Connections to the Son of Heaven,  religious by definition, extended down and into the smallest and lowliest villages, with bureaucrats (todays cadres) administrated and reported back up the hierarchical ladder to the Son of Heaven. 

The organizational skills and templates for community action are embedded into the sum of Chinese society in ways that take months or years to identify and understand.  There’s this sort of “Oh Boy! We get to cooperate!” atmosphere to the situation, something I’d not ever imagined, let alone seen, in my American experience.

News coverage continued to fascinate.  One thing I noticed early on is that as soon as any authority anywhere in the world made a statement, there was a frenzied rush by all media to find countervailing opinions that questioned the original statement, in the supposed propaganda of providing “fair and balanced” news coverage, but which in fact only further confuses the already bamboozled and stupefied.

When Hubei first locked down, I recall there was a professor from the University of Michigan that nobody had ever heard of before or since, stating categorically that quarantine doesn’t work for containing disease outbreaks. 
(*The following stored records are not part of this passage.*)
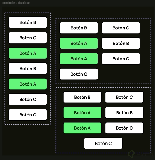 - Colapso vertical: Los botones se reorganizan en una columna cuando reduces el tamaño del contenedor.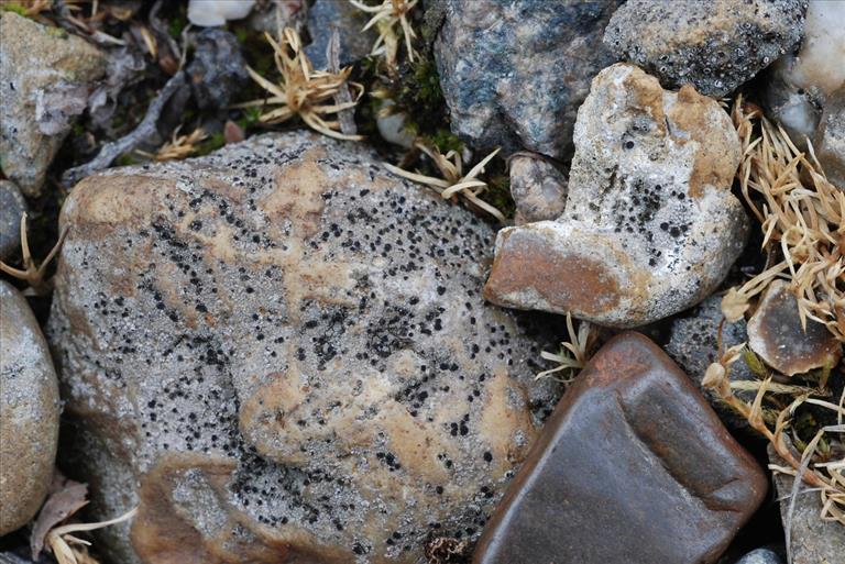 Close-up van thallus met apotheciën op kiezelsteen in heide, Wolfheze, 't Schild, © Henk-Jan van der Kolk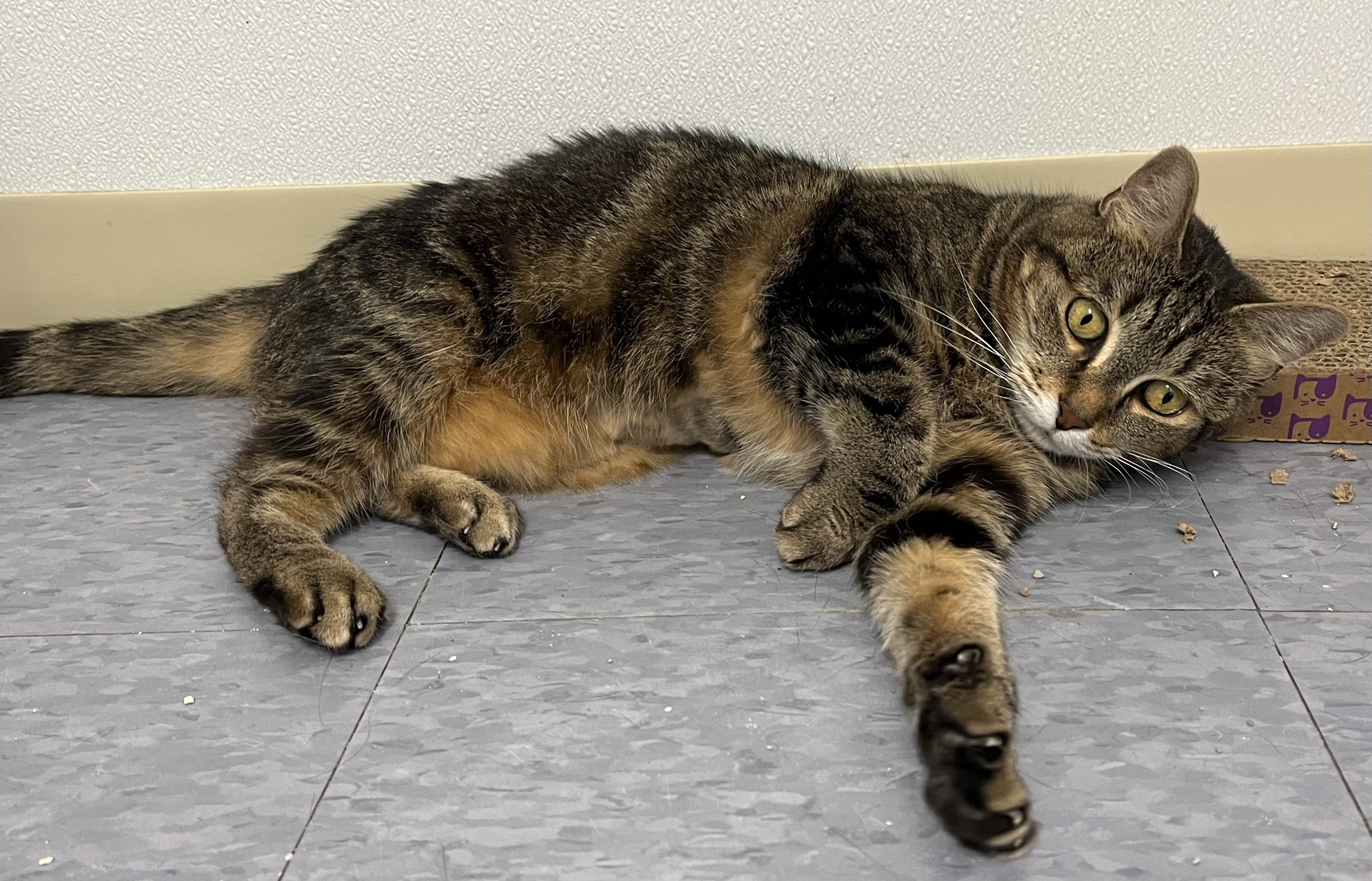 Born June 2013 EJ is a classic tabby with a calm nature. Sadly, he lost his home when his owner passed away. EJ loves to lounge in the sun or any soft bed. He will actively give you a nudge for pets and show his happiness with a tail straight up in the air. He is looking for a home where he can be loved again and bond with his person. EJ would do best in a low key household without dogs or young children. He is comfortable with other feline friends.

Then there were those insisting they do work. 

Then the claim that masks work to reduce transmission, followed by another authority indicating they do not work. 

The same bipolar positioning of authoritative commentary became the standard, obfuscating any possible pathway out of the mess.  
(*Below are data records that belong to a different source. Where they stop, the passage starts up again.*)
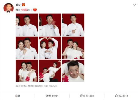 今天13点14分郑恺和苗苗同时在微博更新结婚的好消息,同时还上传了两人甜蜜的九宫格结婚照,并附文“我们结婚啦!”。照片中郑恺苗苗笑容灿烂,时而搞怪可爱,时而甜蜜比心,时而嘟嘴卖萌,看上去既温馨甜蜜又逗趣可爱,不得不说郑凯和苗苗真是一对“活宝”,郎才女貌天造地设的一对。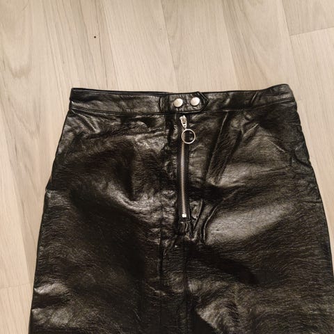 Zaran keinonahkainen hame. Täysin ehjä, kerran käytetty. Edessä taskut, vetoketju ja nappi. Hieman rypyssä, sillä ollut viikattuna kaapissa jonkin aikaa. Suoristuu kyllä helposti.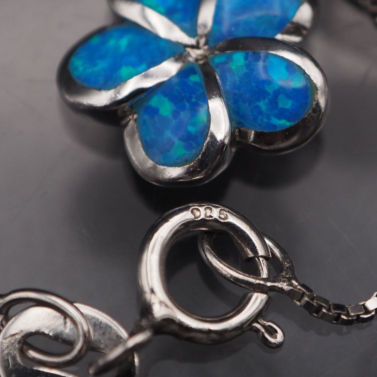 G686 ハワイアンジュエリー オパール K S925 ITALY刻印 ペンダント ネックレス プルメリア インレイ デザイン シルバー 10月誕生石

I propose that this tendency of media to stake out positions one day and then come up with an opposite assessment the following day to be both the finest and worst things about our First Amendment. 

From the Chinese media, it started slowly because no one was going to do anything without authorization and then quickly accelerated at warp speed to the repeated Party line of the Party heroically leading the charge against the virus.  At one point, it even got to the point where a higher up was insisting The People of Wuhan thank the Party for saving the city.  Wuhan is a city known for hot temperedness, and that statement got flamed in an outcry such as one rarely sees in China.  The guy and his proposal disappeared from all commentary overnight.

By this time, the Party was attacking this on so many levels one needed a program to keep up with hourly and daily proclamations.  Quarantine theater, we called it.  In thinking about it, theater had little to do with it.  The Party kicked into gear all tools at its disposal, meaning everything under Heaven, to stomp the virus into submission.  In retrospect, the virus was essentially extinguished by the end of March, and probably a lot earlier, but it’s impossible to know because such statistics are tightly held government property. 

There were isolated viral outbreaks which the Party immediately jumped on and extinguished, but overall, the disease, in any significantly measurable way, was done. 

I’ll leave the final analysis up to the experts, but from Ground Zero, quarantine seems to have worked remarkably well.  

What must be understood, though, is it was not just a quarantine.  It was quarantine with a tightly orchestrated program of testing coordinated with community groups monitoring local populations, hospitals existing and new built specifically for the pandemic, and all information transferred and contained in a contact tracing app in your phone. 

Seeing the scope of the campaign, and the essentially flawless execution over an entire country has informed me about the functioning of Chinese society in ways I’d never seen described or imagined.